--- DATA PROVIDED ---
++++++
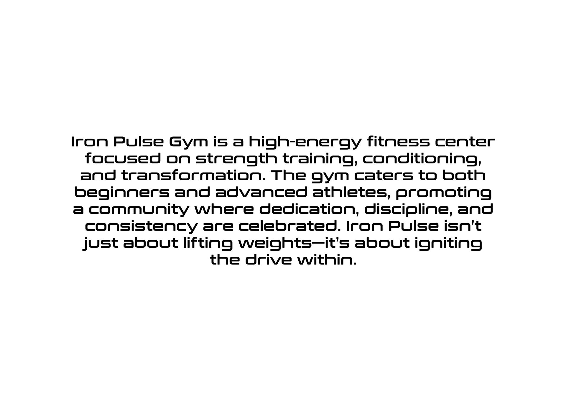 Iron Pulse – Fuel Your Potential! High-energy gym for strength, conditioning, and transformation. Join the movement, achieve your goals.
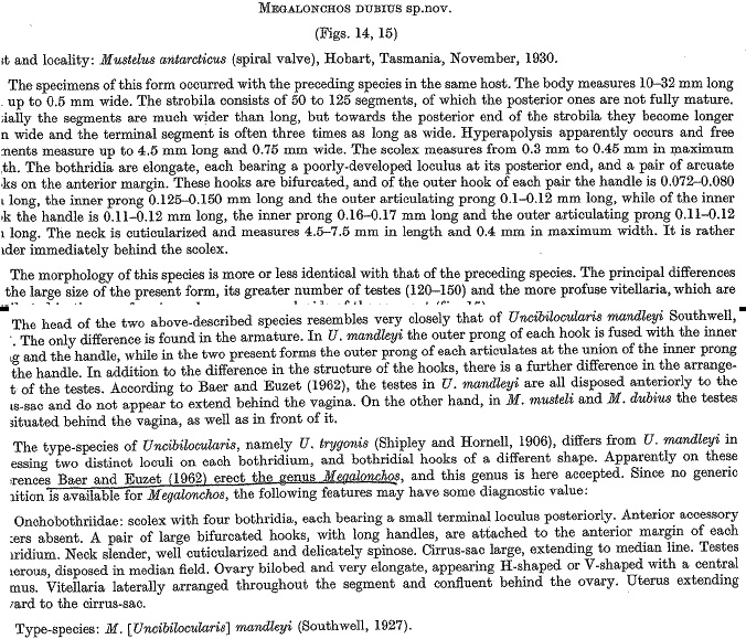 Prudhoe, S. 1969. Cestodes from fish, birds and whales. British, Australian and New Zealand Antarctic Research Expedition (BANZARE) 1929-1931, Reports - Series B (Zoology and Botany) 8(9): 171-193. (350) Download PDFCaira, J. N., F. B. Reyda and J. D. Mega. 2007. A revision of Megalonchos Baer & Euzet, 1962 (Tetraphyllidea: Onchobothriidae), with the description of two new species and transfer of two species of Biloculuncus Nasin, Caira & Euzet, 1997. Systematic Parasitology 67: 211-223. (4434) Download PDF |
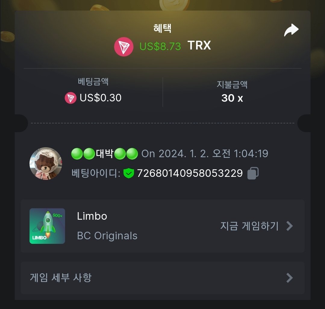 | 5.1 배 | 7 배 | 8 배 | 11 배 | 17배 | 26배 | 30 배 | 56배 | 63배 | 81.5배 | 100 배 | 180 배 | 250배 | 270배 | 350 배 | 450배 | 500배 | 600배 | 710배 | 800배 | 900배 | 1000배 ×5.1 https://bc.game/#/sd/11EUWBKTQMBKVB ×7 https://bc.game/#/sd/11EUQXHRB86AKZ ×8 https://bc.game/#/sd/11EUR9CQ9KUCK3 ×11 https://bc.game/#/sd/11EUU8TRNCWV83 ×350 https://bc.game/#/sd/11EUUGVWM5EP9J ×30 https://bc.game/#/sd/11EUUT2FBZ4KMF ×100 https://bc.game/#/sd/11EUW1HU9QCCIV ×180 https://bc.game/#/sd/11EUWXQ0IFQVWZ ×81.5 https://bc.game/#/sd/11EUYC0FZZ7T3N
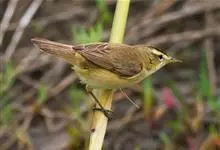 东方大苇莺是莺科苇莺属的一种动物,体长18-19厘米,体重22-29克。体型略大的褐色苇莺。具显著的皮黄色眉纹。上体呈橄榄褐色。下体乳黄色。第1枚初级飞羽长度不超过初级覆羽。虹膜褐色;上嘴褐色,…全部>>
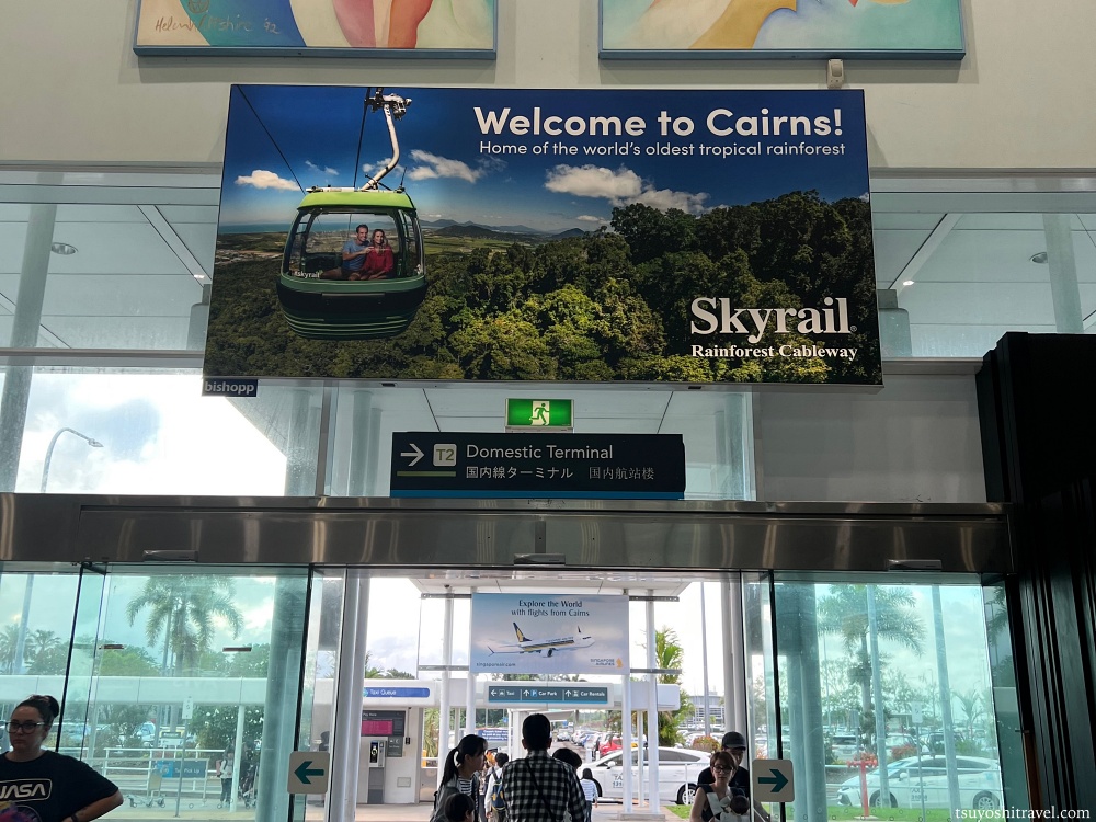 空港内には、「ケアンズへようこそ!」という看板が掲げられている。
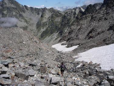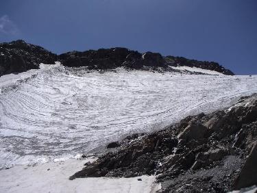on le longe à la descente et on est même dessus..on s'en aperçoit quand les pieds glissent sur la glace à peine recouverte de pierres et qu'on se retrouve les fesses par terre!!
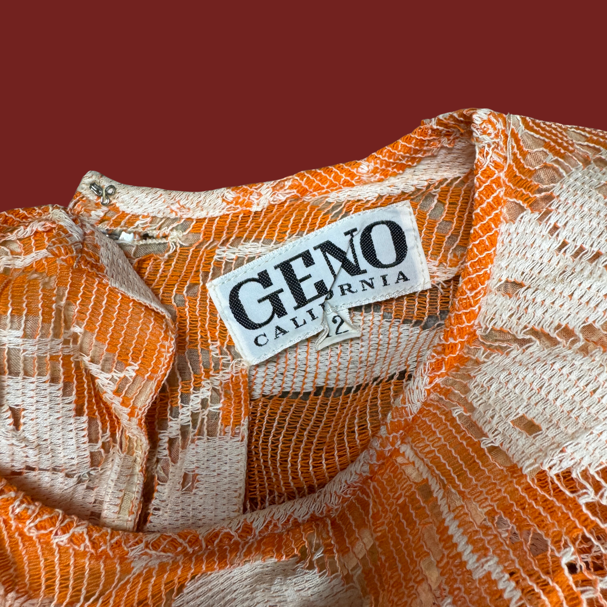 (M) 70s Orange/White Crop Top and Bell Bottom Set
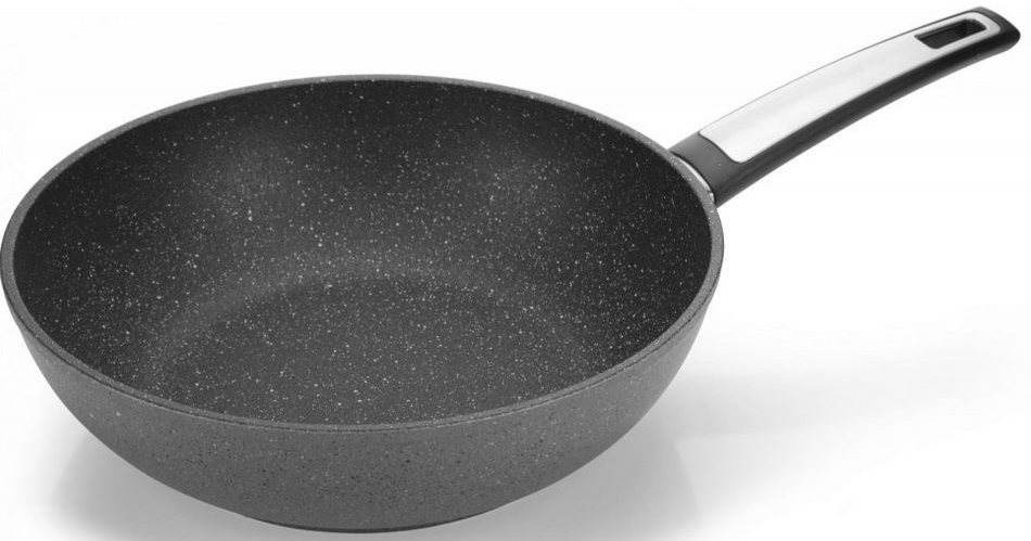 Wok panvica – hliníková, okrúhla, vhodná na elektrickú, plynovú, sklokeramickú aj indukčnú varnú dosku, možnosť umývania v umývačke a nepriľnavý povrch, ergonomická, hrubé dno, výška 8 cm, priemer horného okraja 28 cm, vonkajší priemer dna panvice 19 cm, čierna farba Chcete mať istotu, že nepripálite žiadny pokrm? Kúpte si Wok Tescoma i-PREMIUM Stone, panvu pre skúsených kuchárov aj začiatočníkov. Unikátne zvrásnený antiadhézny povlak má charakter nelešt
++++++
--- WHAT NEEDS TO BE DONE ---
Your job is to restate, word for word, only the lines from the one holding "东方大苇莺是莺科苇莺属的一种" through the end of the material; pictures stay out.

--- YOUR SOLUTION ---
 东方大苇莺是莺科苇莺属的一种动物,体长18-19厘米,体重22-29克。体型略大的褐色苇莺。具显著的皮黄色眉纹。上体呈橄榄褐色。下体乳黄色。第1枚初级飞羽长度不超过初级覆羽。虹膜褐色;上嘴褐色,…全部>>
 空港内には、「ケアンズへようこそ!」という看板が掲げられている。
on le longe à la descente et on est même dessus..on s'en aperçoit quand les pieds glissent sur la glace à peine recouverte de pierres et qu'on se retrouve les fesses par terre!!
 (M) 70s Orange/White Crop Top and Bell Bottom Set
 Wok panvica – hliníková, okrúhla, vhodná na elektrickú, plynovú, sklokeramickú aj indukčnú varnú dosku, možnosť umývania v umývačke a nepriľnavý povrch, ergonomická, hrubé dno, výška 8 cm, priemer horného okraja 28 cm, vonkajší priemer dna panvice 19 cm, čierna farba Chcete mať istotu, že nepripálite žiadny pokrm? Kúpte si Wok Tescoma i-PREMIUM Stone, panvu pre skúsených kuchárov aj začiatočníkov. Unikátne zvrásnený antiadhézny povlak má charakter nelešt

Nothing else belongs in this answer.